Decided on October 24, 2013
Andrias, J.P., Friedman, Acosta, DeGrasse, Freedman, JJ.
10848

[*1]In re Nasir Levon L., A Dependent Child Under the Age of Eighteen Years, etc.,

and

Ashley Bernadette B., Respondent-Appellant, Jewish Child Care Association of New York, Petitioner-Respondent.




Tennille M. Tatum-Evans, New York, for appellant.
Law Offices of James M. Abramson, PLLC, New York (Dawn
M. Orsatti of counsel), for respondent.
Tamara A. Steckler, The Legal Aid Society, New York (John A.
Newbery of counsel), attorney for the child.

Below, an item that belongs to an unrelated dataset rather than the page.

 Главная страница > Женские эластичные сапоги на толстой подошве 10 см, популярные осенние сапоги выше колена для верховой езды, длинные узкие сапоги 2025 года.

Order, Family Court, New York County (Clark V. Richardson, J.), entered on or about September 27, 2011, which denied respondent mother's motion to vacate orders of fact finding and disposition, same court and Judge, entered on or about August 1, 2011, determining that she permanently neglected the subject child, terminating her parental rights, and committing the custody and guardianship of the child to petitioner agency and the Commissioner of Social Services for the purpose of adoption, unanimously affirmed, without costs.

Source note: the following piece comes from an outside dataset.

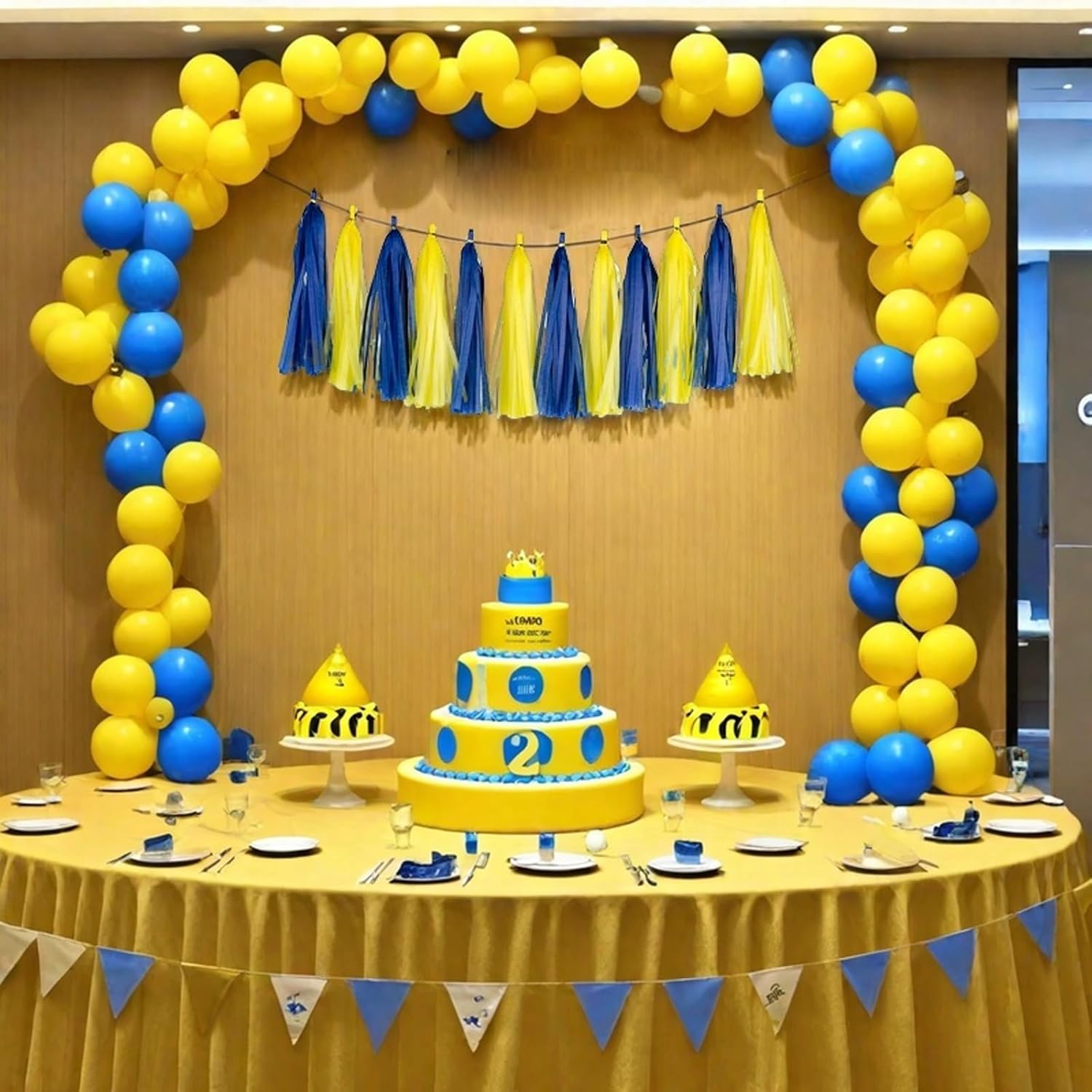 Aimto 20pcs Blue and Yellow Shiny Tassel Garland Banner Tissue Paper Tassels for Party Decorations

Respondent failed to demonstrate a reasonable excuse for her default and a meritorious defense to the petition (see CPLR 5015 [a][1]; Matter of Tyieyanna L. [Twanya McK.], 94 AD3d 494 [1st Dept 2012]). Her delay in obtaining a mental health treatment discharge report until the day she had to appear in court, and alleged public transportation difficulties on that same day, do not establish a reasonable excuse for the failure to appear, especially as respondent does not claim that she was unfamiliar with the public transportation system or had not previously used it to travel to Family Court (see Matter of Christian E., 66 AD3d 433 [1st Dept 2009]; Matter of Male H., 179 AD2d 384 [1st Dept 1992], lv dismissed in part and denied in part 79 NY2d 1026 [1992]).

There is no evidence that respondent completed the mental health treatment program called for in her service plan within the relevant one-year period so as to demonstrate a meritorious defense to the allegations of permanent neglect. The program discharge summary submitted by respondent states that she was
inconsistent and noncompliant with treatment, had no interest in treatment, and terminated treatment of her own accord (see Matter of Tyieyanna L., 94 AD3d at 494).

THIS CONSTITUTES THE DECISION AND ORDER [*2]
OF THE SUPREME COURT, APPELLATE DIVISION, FIRST DEPARTMENT.